▶ [Data in this exercise]:
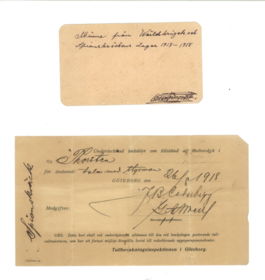 Tillståndsbevis och anhållan om tillstånd från första världskriget.
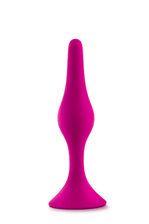 Soft tapered head and slim shaft are comfortably and easily inserted. Satin smooth silicone feels amazing. Suction cup base anchors Plug safely outside the body.
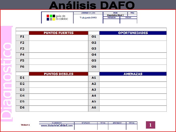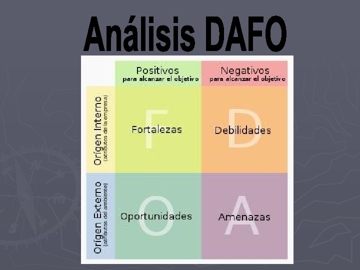 v Antes de tomar cualquier decisión estratégica, es imprescindible realizar un diagnóstico de nuestra organización. v El análisis DAFO es el método más sencillo y eficaz para decidir sobre el futuro. v Permite: * Determinar las ventajas competitivas de la empresa * Buscar la estrategia a emplear en función de las características propias de la empresa y de las del mercado en que se mueve.
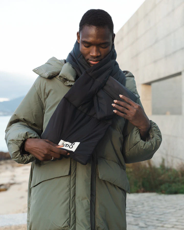 Bufanda topo de la marca Fulham, acabada en flecos pequeños.
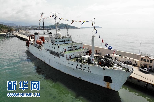 7月31日,在位于山東省青島市的國家海洋局北海分局科考基地碼頭,“大洋一號”科考船準備起航。新華社記者 李紫恒 攝
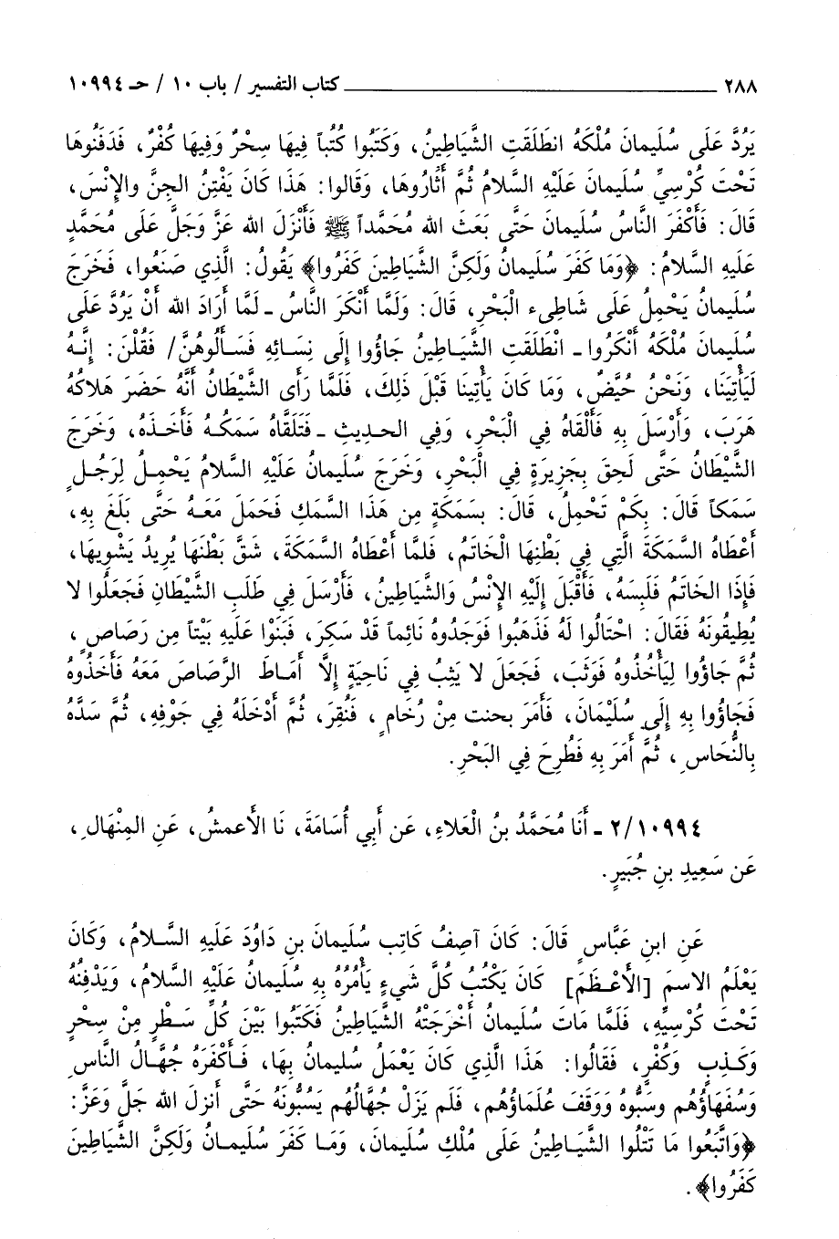 10994 - أنا محمد بن العلاء عن أبي أسامة نا الأعمش عن المنهال عن سعيد بن جبير عن بن عباس قال : كان آصف كاتب سليمان بن داود عليه السلام وكان يعلم الاسم الأعظم كان يكتب كل شيء يأمره به سليمان عليه السلام ويدفنه تحت كرسيه فلما مات سليمان أخرجته الشياطين فكتبوا بين كل سطر من سحر وكذب وكفر فقالوا هذا الذي كان يعمل سليمان بها فأكفره جهال الناس وسفهاؤهم وسبوه ووقف علماؤهم فلم يزل جهالهم يسبونه حتى أنزل الله جل وعز واتبعوا ما تتلوا الشياطين على ملك سليمان وما كفر سليمان ولكن الشياطين كفروا

▶ [Instructions for the task]: The data must be printed exactly, image-free.

▶ [Solution below]:
 Tillståndsbevis och anhållan om tillstånd från första världskriget.
 Soft tapered head and slim shaft are comfortably and easily inserted. Satin smooth silicone feels amazing. Suction cup base anchors Plug safely outside the body.
 v Antes de tomar cualquier decisión estratégica, es imprescindible realizar un diagnóstico de nuestra organización. v El análisis DAFO es el método más sencillo y eficaz para decidir sobre el futuro. v Permite: * Determinar las ventajas competitivas de la empresa * Buscar la estrategia a emplear en función de las características propias de la empresa y de las del mercado en que se mueve.
 Bufanda topo de la marca Fulham, acabada en flecos pequeños.
 7月31日,在位于山東省青島市的國家海洋局北海分局科考基地碼頭,“大洋一號”科考船準備起航。新華社記者 李紫恒 攝
 10994 - أنا محمد بن العلاء عن أبي أسامة نا الأعمش عن المنهال عن سعيد بن جبير عن بن عباس قال : كان آصف كاتب سليمان بن داود عليه السلام وكان يعلم الاسم الأعظم كان يكتب كل شيء يأمره به سليمان عليه السلام ويدفنه تحت كرسيه فلما مات سليمان أخرجته الشياطين فكتبوا بين كل سطر من سحر وكذب وكفر فقالوا هذا الذي كان يعمل سليمان بها فأكفره جهال الناس وسفهاؤهم وسبوه ووقف علماؤهم فلم يزل جهالهم يسبونه حتى أنزل الله جل وعز واتبعوا ما تتلوا الشياطين على ملك سليمان وما كفر سليمان ولكن الشياطين كفروا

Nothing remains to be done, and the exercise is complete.